By creating an array in this way, numpy slicing will be translated into file seek/read calls at runtime as needed.  Unfortunately this happens deep inside the Numpy C code (or perhaps even the OS kernel), which makes it difficult to plug the pure-Python file interfaces provided by fsspec into this mechanism.  The buffer protocol is a Python C API concept which cannot be implemented in pure Python. As a result, it seems unlikely that we can repurpose the buffer interface mechanism here.

Rather than returning `np.ndarray(buffer=....)` we will have to figure out how AstroPy may be modified to return a custom array-like object which can translate slicing operations into s3fs-based seek/read calls as needed. It is likely that we may be able to borrow code or insights from the array objects provided by Dask or Xarray, but this needs further research.

## Conclusions

1. By passing file-like objects created using the `fsspec/s3fs` library into `astropy.io.fits.open()`, we can already use standard AstroPy features to extract individual HDU extensions from cloud-hosted FITS files in an efficient way.  The header and data sections of HDUs are only transferred from S3 when needed thanks to the existing `lazy_load_hdus` feature of AstroPy. We can start documenting and advertising the use of `s3fs` with AstroPy in this way -- this strategy is already more efficient than downloading entire files for applications which require a single HDU from a large file.

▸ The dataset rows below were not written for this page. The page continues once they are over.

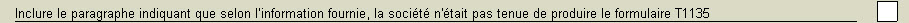 Options concernant l’impression du paragraphe indiquant que selon l’information fournie, la société n'était pas tenue de produire le formulaire T1135
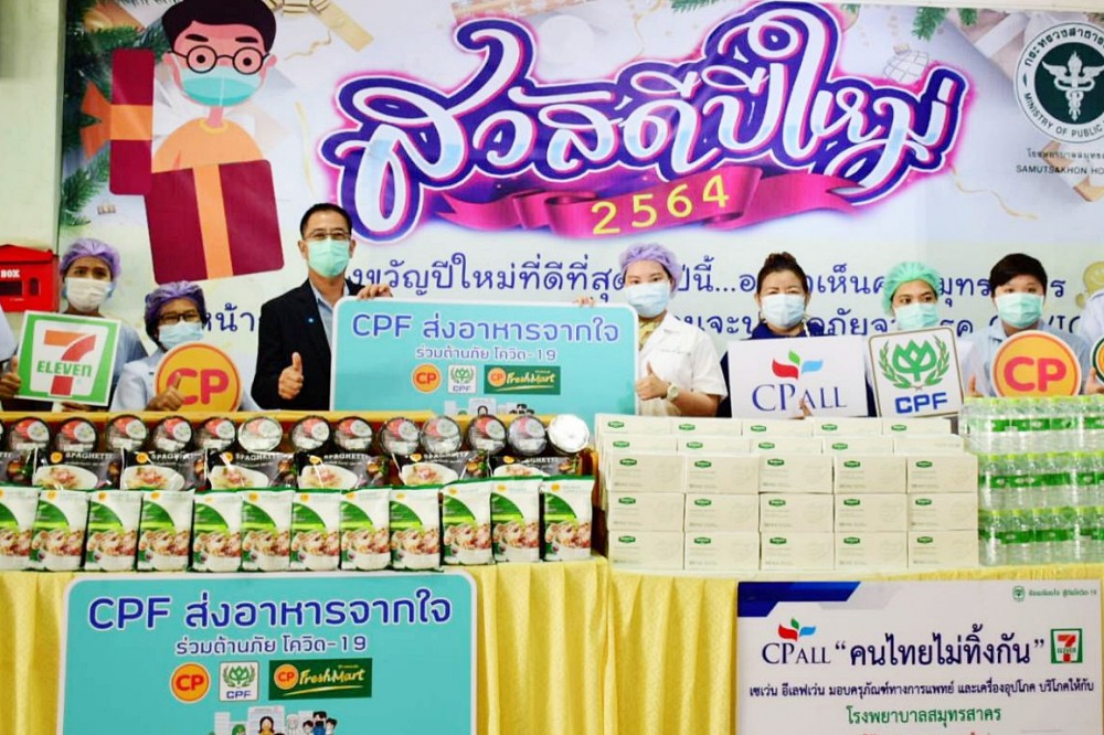 นอกจากนี้ ที่จังหวัดสมุทรสาคร นายสุวิทย์ ประภากมล ผู้บริหารอาวุโส ซีพีเอฟ นำทีมซีพีเอฟจิตอาสา ร่วมมอบผลิตภัณฑ์อาหาร พร้อมกับทีมงานจิตอาสาจาก เซเว่น อีเลฟเว่น ที่นำครุภัณฑ์ทางการแพทย์ แอลกอฮอลล์ทำความสะอาด หน้ากากอนามัย และน้ำดื่ม มอบให้กับ นางสาวรัตติกรณ์ กาญจนะ พยาบาลวิชาชีพชำนาญการ กลุ่มการพยาบาล โรงพยาบาลสมุทรสาคร และ นางสาวชนันท์ภัทร์ สุขประเสริฐ พยาบาลวิชาชีพ โรงพยาบาลบ้านแพ้ว จ.สมุทรสาคร เป็นตัวแทนโรงพยาบาล รับมอบ เพื่อนำไปสนับสนุนการปฎิบัติงานของเจ้าหน้าที่ บุคลากรทางการแพทย์ และประชาชนในพื้นที่ต่อไป
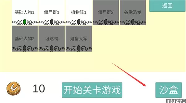 8、如果玩家觉得普通玩法不得劲,还可以在开始游戏时选择右下方的沙盒进入游戏;
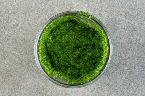 Die ½ des Rucolas mit den Sonnenblumenkernen, dem Knoblauch, dem Basilikum samt Stängeln, der ½ des Käses, 4EL Olivenöl, 2EL hellem Essig und 5–6EL Wasser in einem hohen Gefäß mit einem Stabmixer zu einem glatten Pesto pürieren. Mit je 1TL Salz und Pfeffer würzen, ggf. mehr Wasser hinzufügen.

2. Extracting slices of data from a single HDU is not yet possible and will likely require modifications to AstroPy.  Specifically, we need to modify AstroPy's `_File.readarray()` method to return an array-like object that can translate slicing operations into S3 file seek/read calls on the fly.

3. We may not gain much by creating a "central directory" of header information and byte offsets, because AstroPy is already smart about loading HDU header and data sections only when they are needed.


## Footnotes

* The `fitsio` package is a popular alternative to AstroPy.  It is unlikely to work with `fsspec`-based libraries because it is implemented by wrapping the `cfitsio` library. In contrast, `astropy.io.fits` is pure Python with the exception of the compression algorithms.
* HDF5 v1.10.6 and later supports cloud-hosted files in a similar way by providing the [S3 Virtual File Driver](https://portal.hdfgroup.org/display/HDF5/H5P_SET_FAPL_ROS3) (a role fulfilled by `s3fs` in our case).  Like AstroPy, it does not appear to support slicing arrays and it does not benefit from a central directory of metadata.
* The `zarr` Python library natively support slicing arrays hosted in cloud-hosted zarr files.